If a payment under this policy is made to an Executive upon his or her separation from service while he or she is a “specified employee” (as defined under Section 409A of the Code and determined in good faith by the Compensation Committee), any payment of “deferred compensation” (as defined under Treasury Regulation Section 1.409A-1(b)(1) after giving effect to the exemptions in Treasury Regulation Sections 1.409A-1(b)(3) through (b)(12 that is scheduled to be paid within six (6) months after such separation from service shall accrue with interest and shall be paid within 30 days after the end of the six-month period beginning on the date of such separation from service or, if earlier, within 30 days after the appointment of the personal representative or executor of the Executive’s estate following his death.  During the 6-month delay period, interest shall accrue at the prime rate of interest published in the northeast edition of The Wall Street Journal on the date of Executive’s separation from service.  Accordingly, subject to the requirements of Section 409A of the Code, an Executive may not receive his or her Change in Control Benefits payment until 6 months after separation from service.
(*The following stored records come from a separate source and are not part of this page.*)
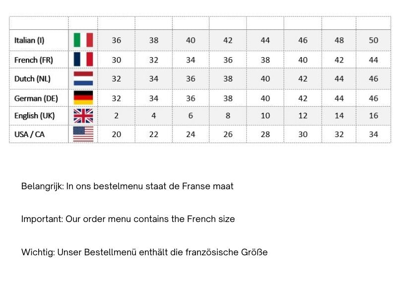 - Nous utilisons la taille française (FR) pour la livraison, voir le tableau des tailles.
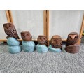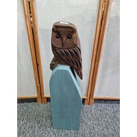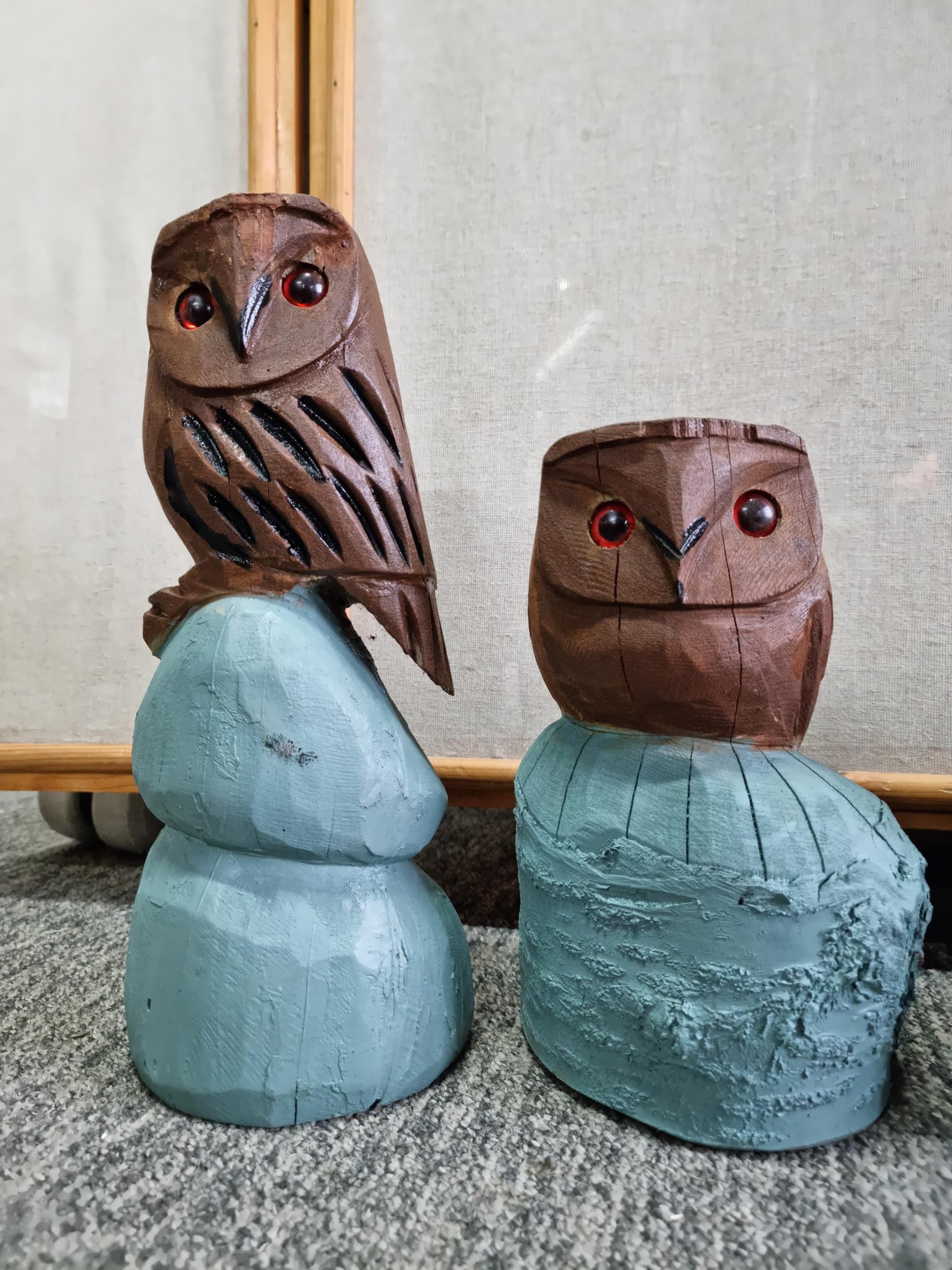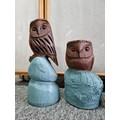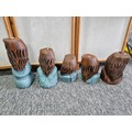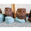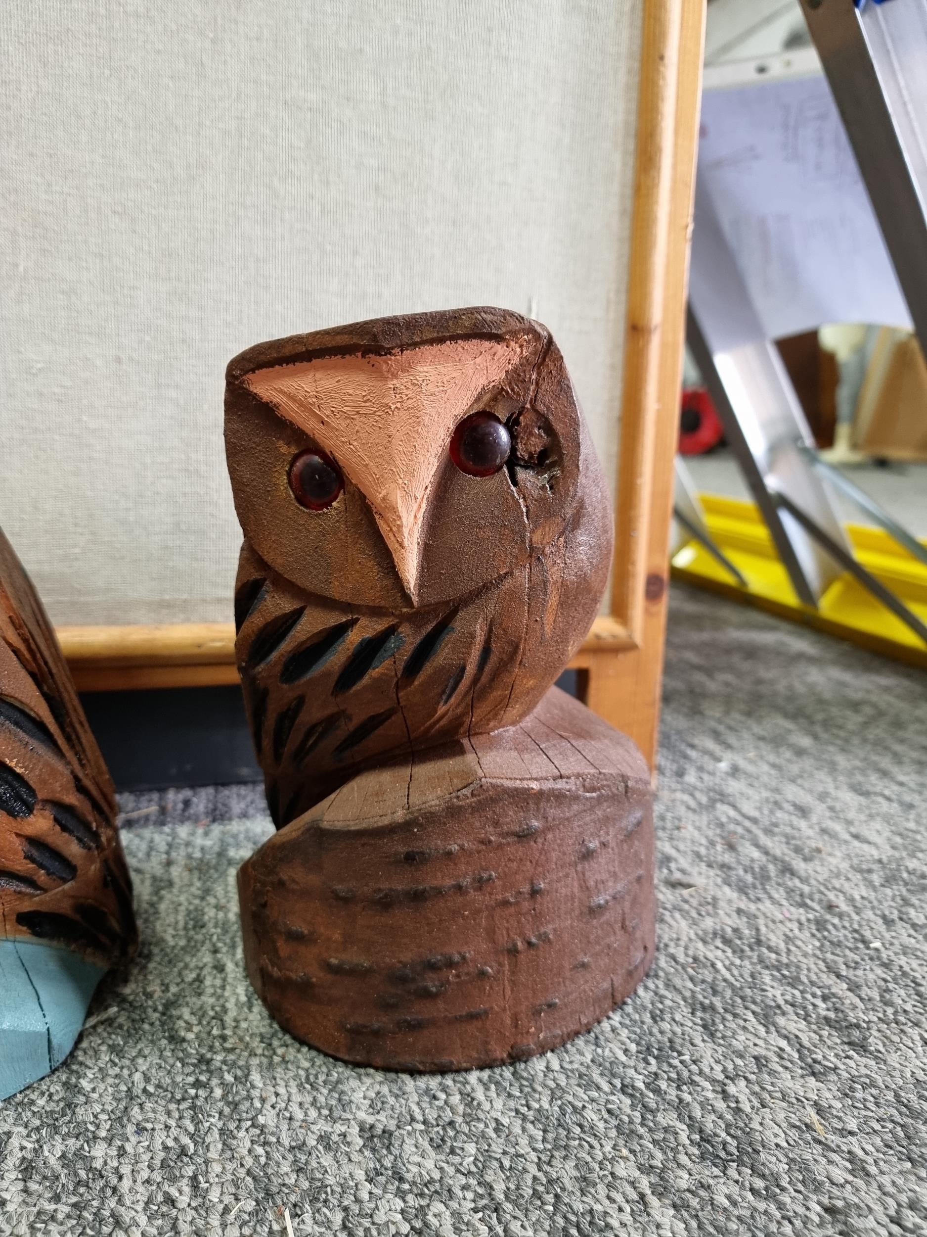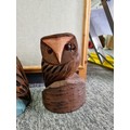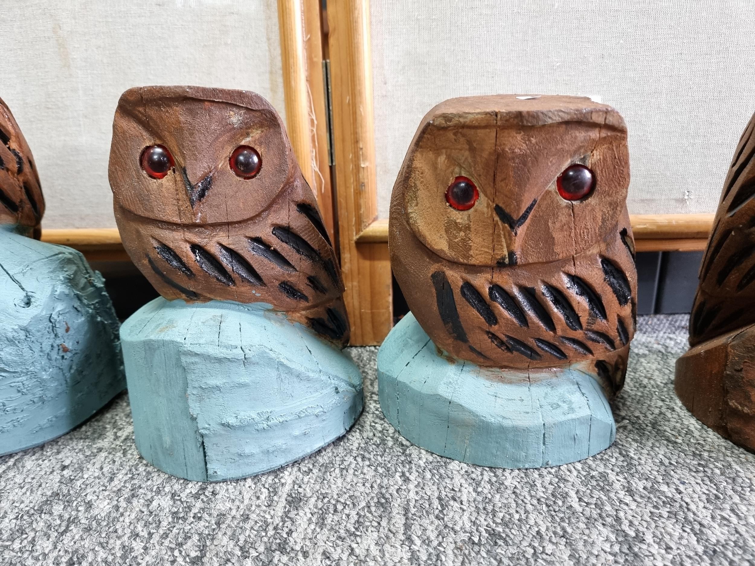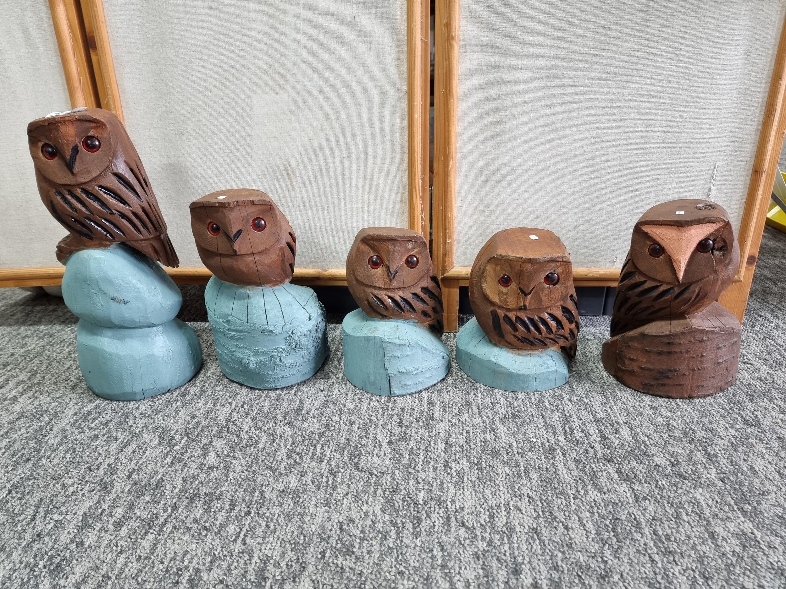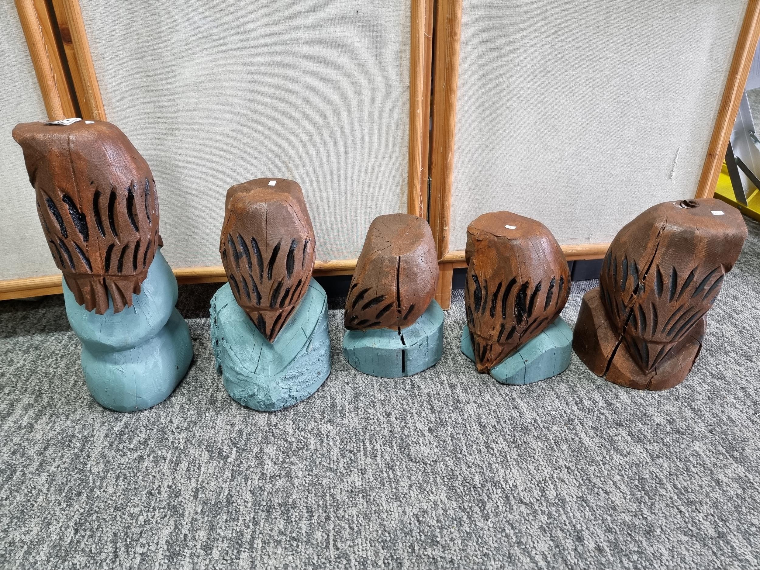 5 x solid wooden owl carved garden ornaments, in various sizes the largest being 35 cm high.
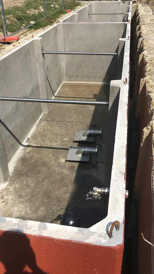 Precast firefighting tanks from 10 to 900 cu m. can be underground or positioned above ground; underground firefighting tanks are connected to each other through connection holes where PVC fittings with watertight gaskets, or stainless steel stubs or sleeves, are inserted.
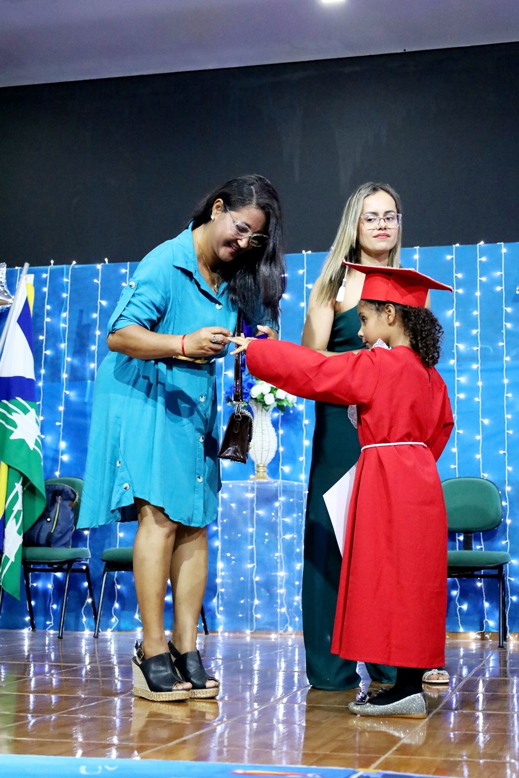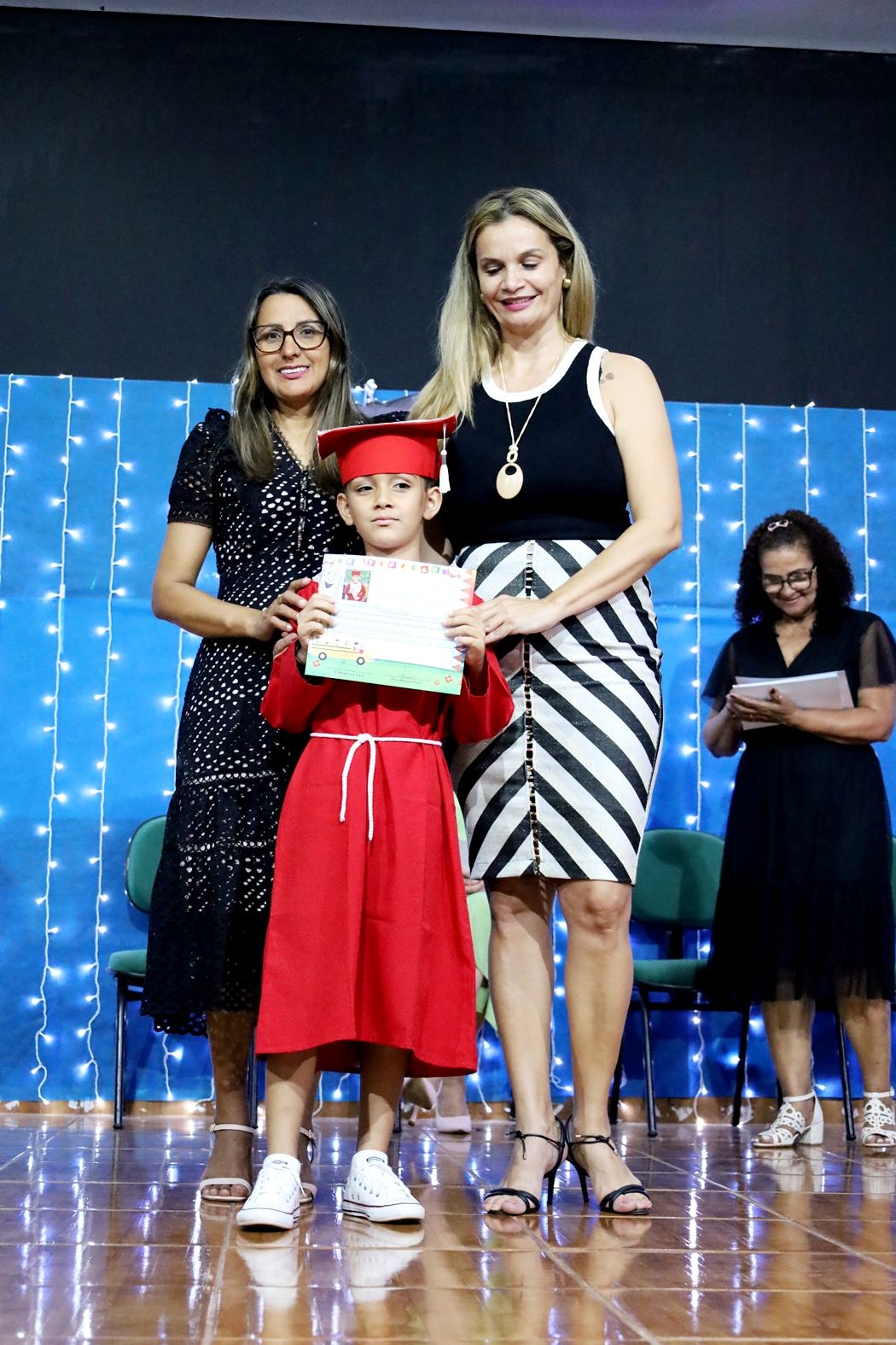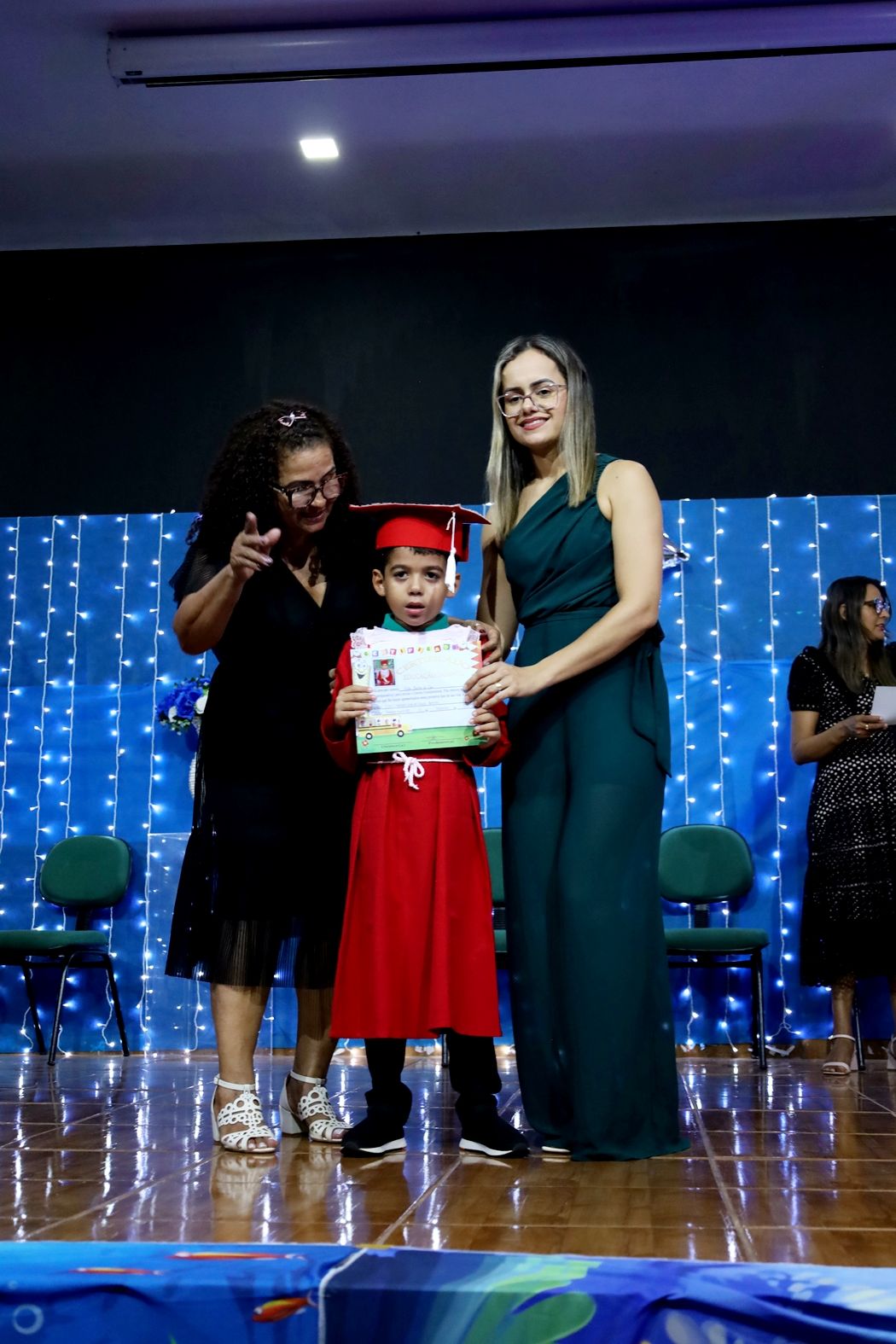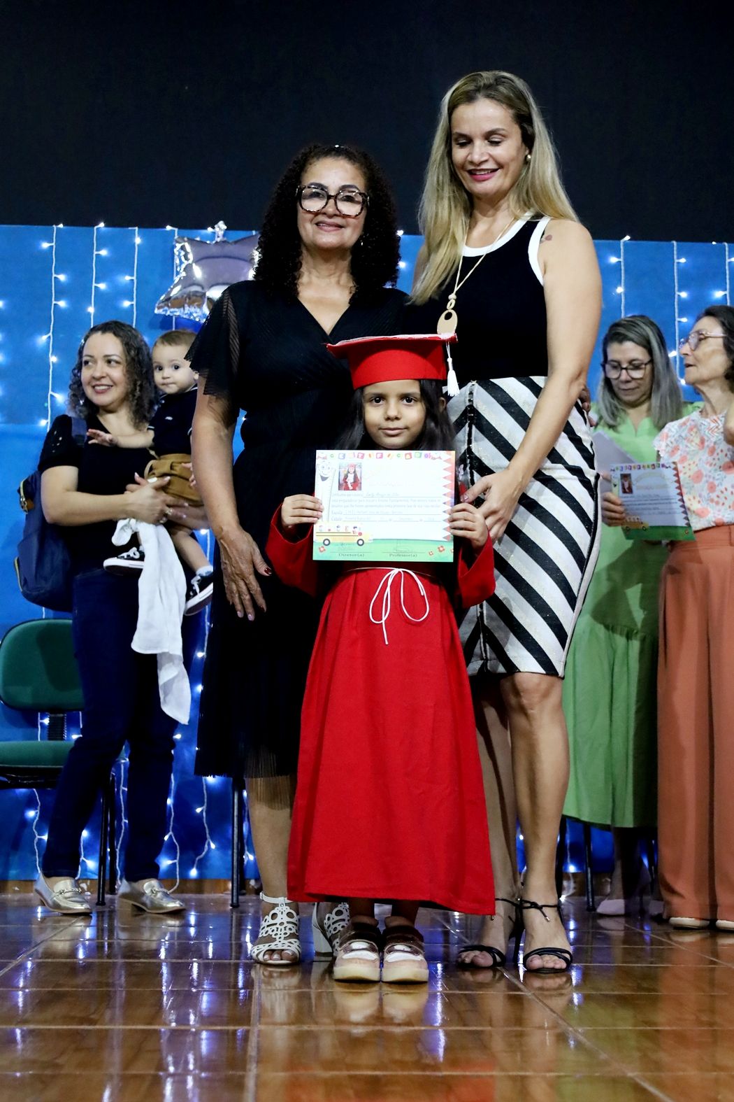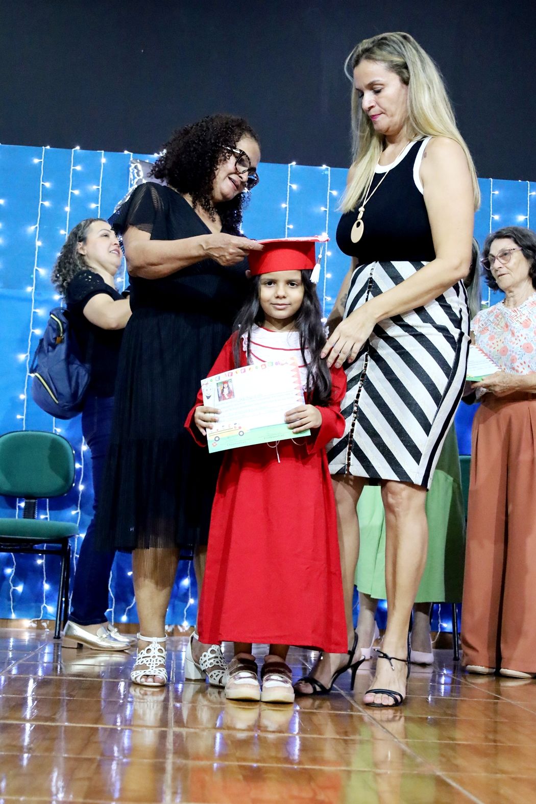 Na noite desta quinta-feira, 12 de dezembro, a Creche Betinho foi palco de uma emocionante cerimônia de formatura. O evento, que reuniu mais de 100 formandos, contou com a presença de familiares, amigos, professores e autoridades locais, incluindo a Secretária de Educação, Marcilene Rodrigues.
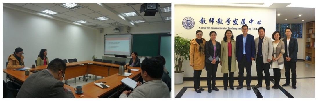 2016年4月8日上午,江苏理工大学副校长周兰珍一行到访重庆大学教师教学发展中心。重庆大学党委副书记白晨光教授出席,我校教师教学发展中心主任彭静以及项目主管李珩、陈圆和刘皓等人参加了座谈交流。
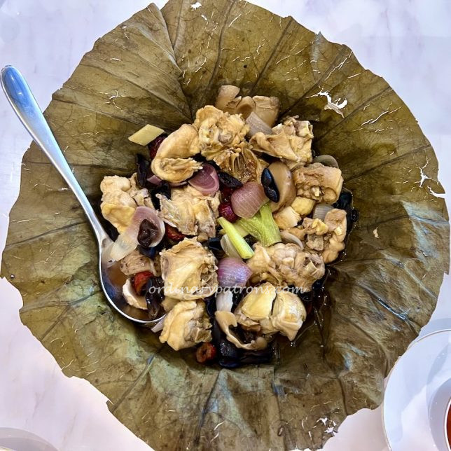 The fried yam pancake and chicken in lotus leaf were dishes we have never tried before. Arriving in a dramatic way was the chicken which was fully wrapped in large lotus leaf and steamed in a large bamboo basket (similar to those used for dim sum, but much larger).
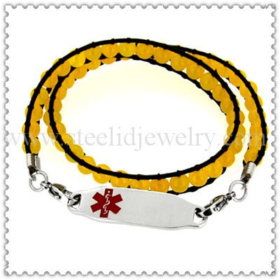 It is made with beads, leather, and stainless steel lobster clasps and an ID tag, the bracelet should wrap around the average-sized arm two times.
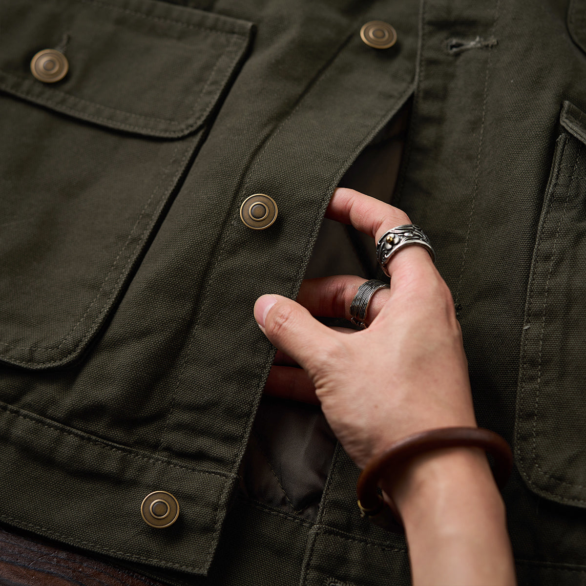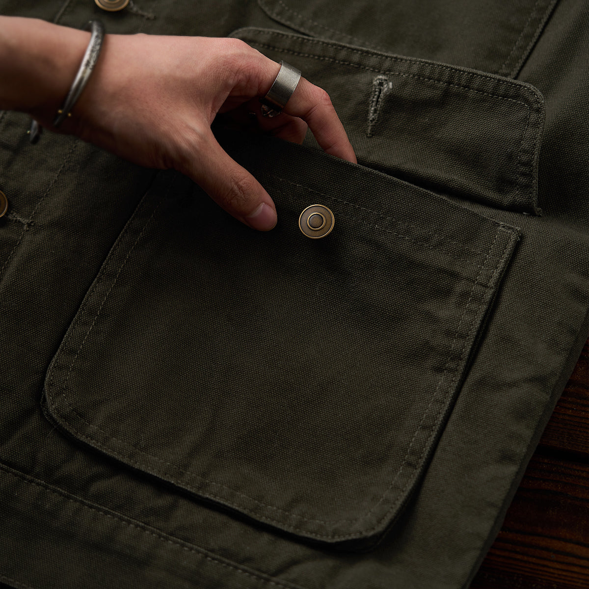 프론트 4포켓 구성으로 수납력을 높이고, 버튼 디테일로 소지품이 쉽게 빠지지 않도록 설계했습니다.

This Policy is intended to comply with the provisions of Section 409A, and, to the extent practicable, this Policy shall be construed in accordance therewith. However, the Company does not guarantee any particular tax effect to Executive.  The Company shall not be liable to Executive for any payment made under this Agreement that is determined to result in an additional tax, penalty, or interest under Section 409A of the Code, nor for reporting in good faith any payment made under this Agreement as an amount includible in gross income under Section 409A of the Code.
Right to Terminate Employment
Nothing in this Policy shall confer upon Executive any right to continue in the employ of the Company or shall interfere with or restrict in any way the rights of the Company, which are hereby expressly reserved, to discharge Executive at any time for any reason whatsoever with or without Cause.